Instructions to follow. What you return should be the full listing, word for word, without a single image.

Material provided.
>>
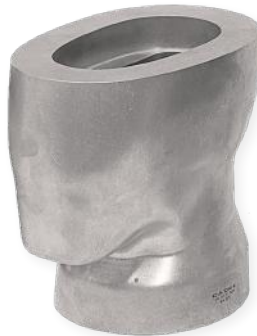
HALF HEAD CUT-OUT WITH INSERT (100_04_HFAH)
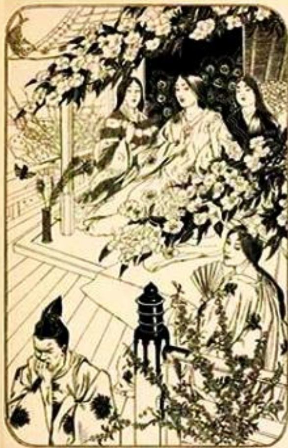
One after the other returned successfully home, for none found sorrow in her eyes.
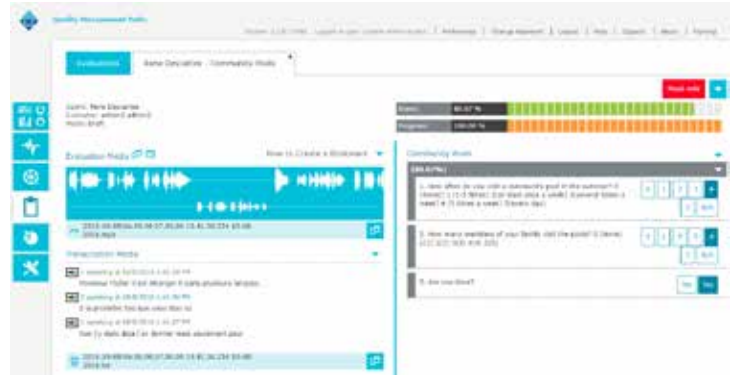
QUALITY MANAGEMENT SUITE EVALUATION SCREEN

Investing in your employees through training and quality monitoring programs can positively impact your business. Quality Management Suite enables you to document interactions as well as provide consistent and constructive feedback to employees. This solution is not restricted to contact centers but can be used across many business areas that need to understand the quality of service delivered, from help desks and desk-based sales teams to individual operators and call attendants.
<<
Written response.
HALF HEAD CUT-OUT WITH INSERT (100_04_HFAH)
One after the other returned successfully home, for none found sorrow in her eyes.
QUALITY MANAGEMENT SUITE EVALUATION SCREEN

Investing in your employees through training and quality monitoring programs can positively impact your business. Quality Management Suite enables you to document interactions as well as provide consistent and constructive feedback to employees. This solution is not restricted to contact centers but can be used across many business areas that need to understand the quality of service delivered, from help desks and desk-based sales teams to individual operators and call attendants.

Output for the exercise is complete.